Where's Mazdaspeed? Is Mazda's Premium Push Stifling Performance?

Timothy Cain
by Timothy Cain

My, how time flies. Nearly half a decade has passed since Mazda, undoubtedly an automaker that believes in performance, last offered a Mazdaspeed product.

Not since 2004 and 2005, when 5,142 Mazdaspeed MX-5s were delivered in the United States market, has Mazda’s most obvious performance car been available in a power-up version.

Not since the first-generation Mazda 6’s 2005/2006 Mazdaspeed tenure has Mazda’s midsize sedan been offered in performance guise.

And after following up one of the best-handling front-wheel-drive cars of its era, the Mazdaspeed Protege, with the Mazdaspeed3 in 2007 and another in 2010, Mazda hasn’t had a hot hatch contender to battle the Volkswagen Golf GTI and R, Ford’s ST and RS models, the Honda Civic Si (and now Type R), the Subaru WRX, and Mini’s Cooper S since 2013.

So, is Mazdaspeed dead?

Mazda won’t say.

Company spokesperson Jacob Brown refused to comment on “future products or speculation.” However, “Mazdas are and will continue to be driver-focused vehicles, no matter their positioning in the lineup,” Brown explained to TTAC, pointing even to Mazda’s CX-9 crossover flagship as evidence that Mazda injects performance DNA into every product.

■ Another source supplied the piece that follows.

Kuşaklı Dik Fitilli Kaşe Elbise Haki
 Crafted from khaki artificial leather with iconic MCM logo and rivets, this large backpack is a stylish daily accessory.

From Mazda’s perspective, the CX-9 also offers evidence of Mazda’s successful venture into a premium zone of the mainstream market. Mazda has no intention of birthing Amati a second time — it didn’t work the first time around. But 60 percent of the CX-9’s clientele, Mazda says, are choosing the top two trim levels, Grand Touring and Signature, with base prices of $41,410 and $45,255, respectively.

To Mazda, premium means “delivering a deeper bond with customers,” Brown says. “We want to be a brand that is sought out and loved by our customers at all points in the purchase process, whether before purchase, shopping, purchasing, ownership to the end, and, hopefully, repeating the cycle.”

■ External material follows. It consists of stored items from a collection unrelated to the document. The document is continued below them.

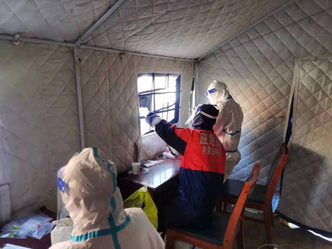 呼和浩特市消防救援支队“抗疫突击队”队员值守在临时核酸检测点。
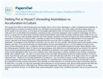 Melting Pot or Mosaic? Unraveling Assimilation vs. Acculturation in Culture. (2023, Dec 01). Retrieved from https://hub.papersowl.com/examples/melting-pot-or-mosaic-unraveling-assimilation-vs-acculturation-in-culture/
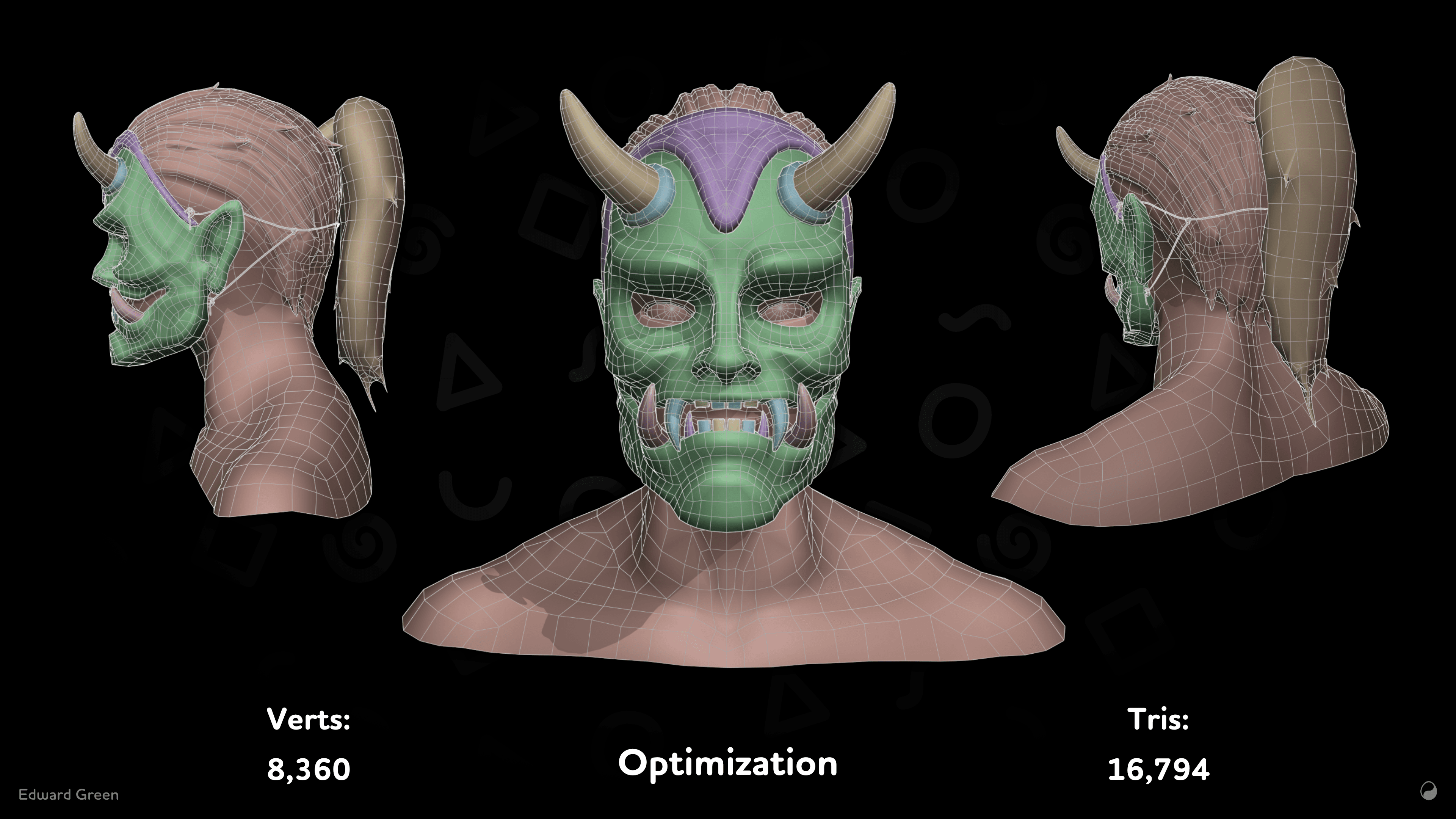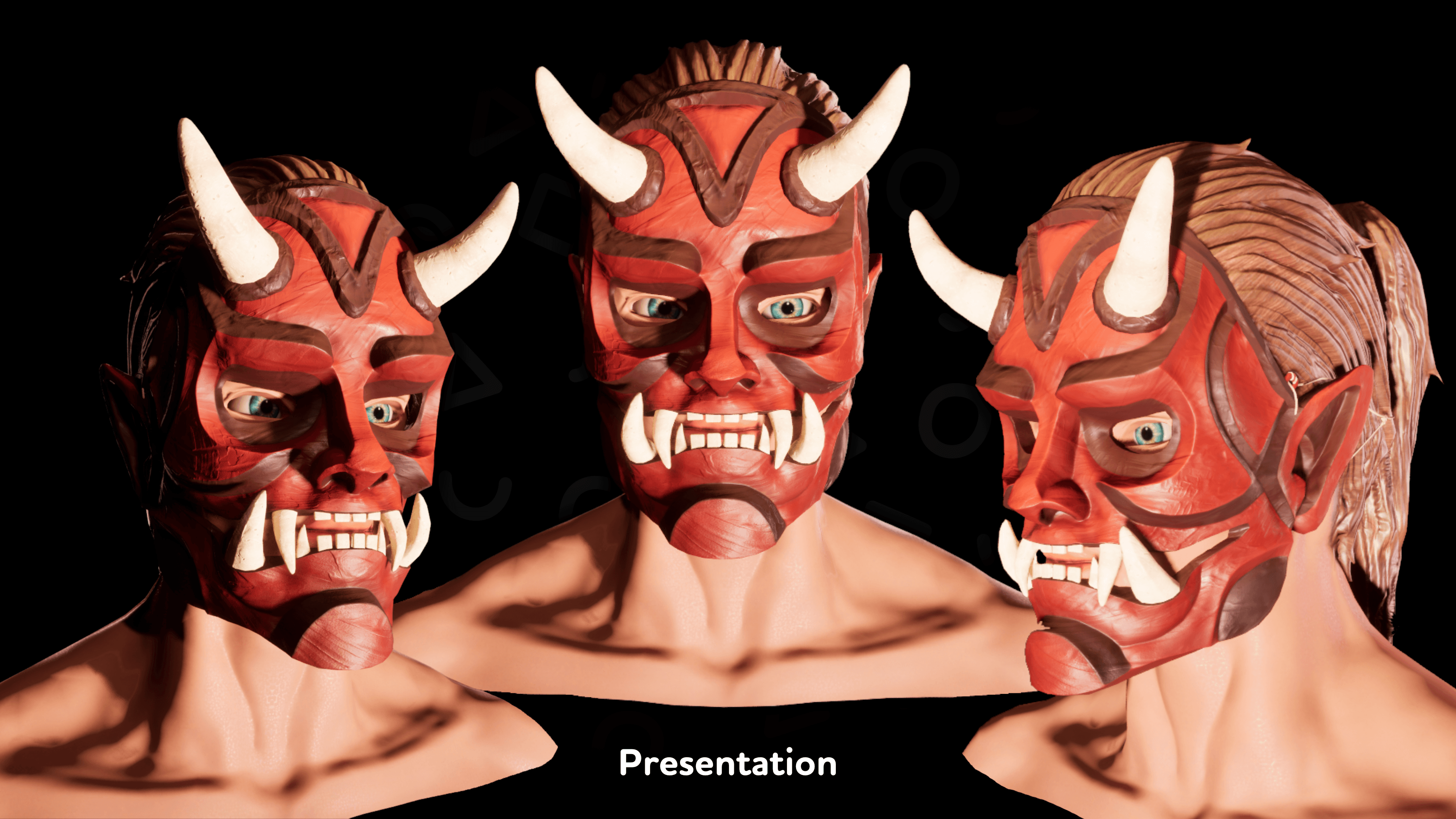 Developed in within 9 hours for an AIE Art Jam using the theme 'Mask'. This Oni Mask bust showcases a rapid, high-efficiency production workflow. The game-ready asset is optimized to 8,360 verts, utilizing a full PBR texture suite to achieve a polished, stylized finish. This project highlights technical proficiency and the ability to deliver high-quality results under strict time constraints.
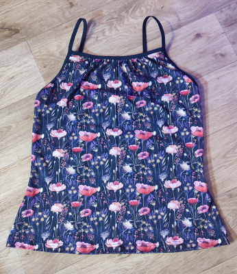 VF: „Řasení předního dílu bylo díky návodu hračka. Zádrhel byla gumička na zádech. Málo jsem napínala a byla volná. Po předělání a poměření přímo na postavě tílko sedlo perfektně. Díky nastavení rozměrů přes boky mám konečně tílko co nepoleze neustále nahoru. “
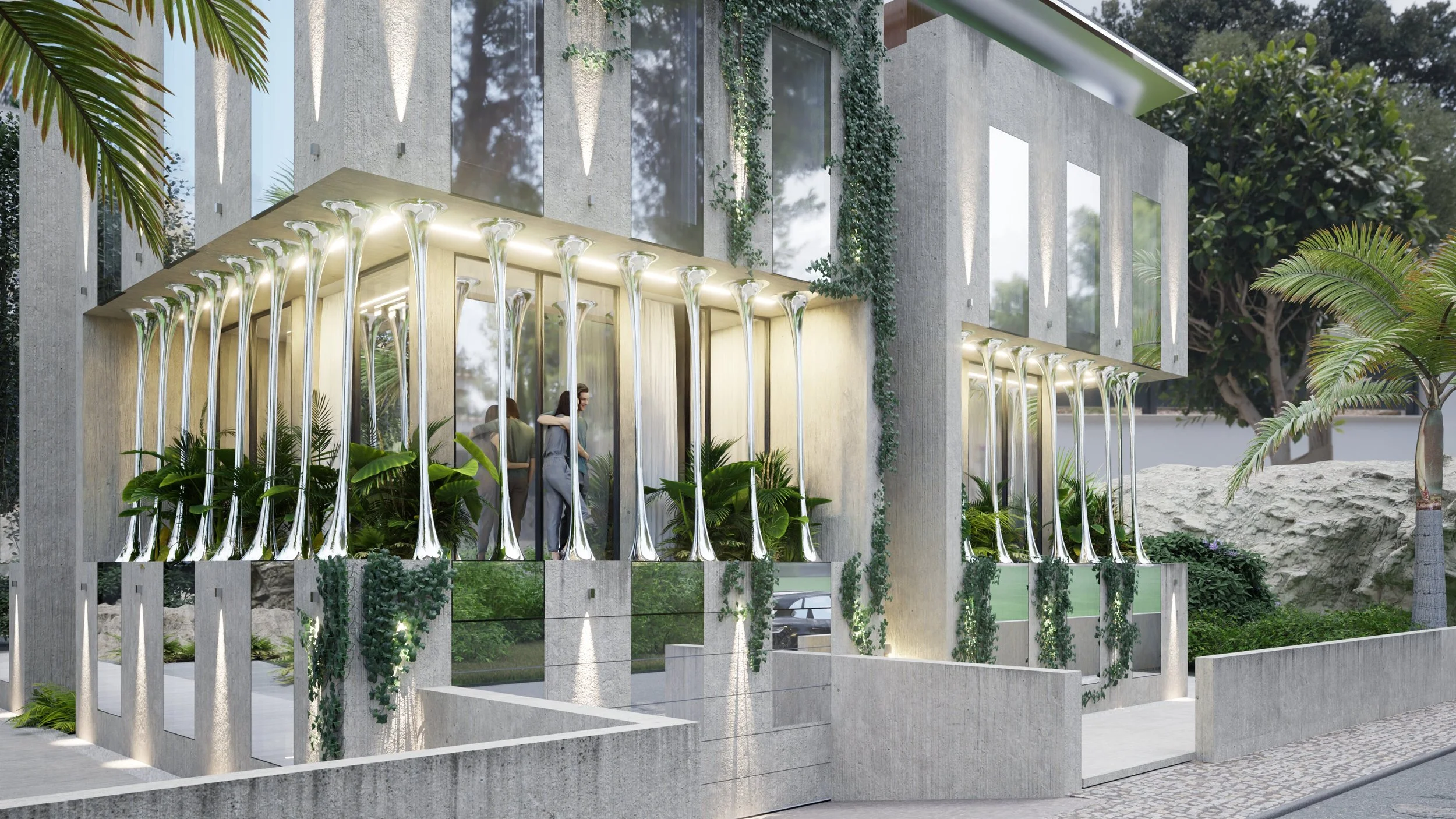 The metal columns contain freon pipes, which cool the columns in hot weather, thereby touching these columns we get that pleasant coolness, and this feeling takes us back to childhood where we communicated with the trees this way. This technology also works for collecting water, when it is hot, the columns begin to condense and drops water flow into the drain and end up in water collection tank, after filtering the water it can be reused. On the hot day you can collect up to 70-80 liters from all columns.

Mazda is employing a strategy that puts current Mazda owners “in front of our engineers and designers as well as into some of our vehicles before anyone else,” Brown says. Mazda owners, not just media, were at the CX-9 launch in 2016, and special MX-5 and CX-3 drive events in 2015. Mazda’s goals for this strategy, the company hopes, will build greater desirability into its brand and its products. That may not result, indeed it will not result, in an immediate turnaround in Mazda’s paltry U.S. market share.

Still, according to Mazda spokesperson Jacob Brown, the customer who says, “That car is an amazing value for the experience it offers,” is a customer that won’t require Mazda to race other automakers to bigger discounts and incentives.

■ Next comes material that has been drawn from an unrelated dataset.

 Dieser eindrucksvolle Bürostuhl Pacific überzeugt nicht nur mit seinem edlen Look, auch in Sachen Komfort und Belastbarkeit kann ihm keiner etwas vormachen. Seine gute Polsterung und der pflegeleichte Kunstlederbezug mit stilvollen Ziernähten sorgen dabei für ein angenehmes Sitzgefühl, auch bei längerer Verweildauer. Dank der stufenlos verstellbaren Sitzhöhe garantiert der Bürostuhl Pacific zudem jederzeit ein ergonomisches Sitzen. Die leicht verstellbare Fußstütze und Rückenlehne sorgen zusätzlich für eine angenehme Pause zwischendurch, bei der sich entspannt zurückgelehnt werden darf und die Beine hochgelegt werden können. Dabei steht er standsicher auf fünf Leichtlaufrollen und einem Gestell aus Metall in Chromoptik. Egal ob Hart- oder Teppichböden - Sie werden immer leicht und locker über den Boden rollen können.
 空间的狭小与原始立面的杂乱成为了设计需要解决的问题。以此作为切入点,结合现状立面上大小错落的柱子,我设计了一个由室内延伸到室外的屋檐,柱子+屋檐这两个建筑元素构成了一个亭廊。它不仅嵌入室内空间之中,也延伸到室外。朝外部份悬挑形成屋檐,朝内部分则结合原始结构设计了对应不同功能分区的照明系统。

Mazda’s North American CEO Masahiro Moro told Bloomberg the company is comfortable with its current share of the market. “Mazda is targeting a very small niche of customers,” says Moro. “These people really like driving and, to them, a car isn’t a commodity; it’s an emotional expression of their style.”

Mazda knows this strategy will not result in large volumes — there just aren’t enough buyers out there who still feel the driving experience is a vital component. “Many customers don’t care too much about driving itself — that’s fine,” Moro told Bloomberg. “We focus on a particular type of customer.”

Mazda’s current winged logo isn’t soon going to suggest Mercedes-Benz-like levels of prestige. Yet Mazda is, according to Jacob Brown, “seeing a healthy number of premium competitors show up on the consideration lists of new CX-9 shoppers.” Perhaps Mazda can be Acura before Acura becomes Acura.

But will Mazda lose the performance car buyer in the process? Mazda has but one moderately hi-po engine, the 2.5-liter turbocharged four-cylinder from the CX-9, and it isn’t currently available in any other Mazda product.

How about a Mazdaspeed CX-5 with the 2.5T? “We might, it fits,” Mazda engineer Dave Coleman told MotoManTV last week, before suggesting that Mazda’s upcoming diesel CX-5, the vehicle the brand actually plans to sell, is just as torquey. “If it’s up to me,” says notoriously fun-car-oriented Coleman, “we’ll put the 2.5 turbo in there, too.”

It’s not up to Coleman.

In truth, it’s not up to anybody at Mazda USA.

To some degree, it’s not even up to Mazda HQ in Japan.

It’s up to the customer. And performance car customers are few and far between. Moreover, Mazda doesn’t want to do performance cars purely for the sake of performance at any cost. Masahiro Moro is on record as saying the execution of the Mazdaspeed 3 was “ childish.”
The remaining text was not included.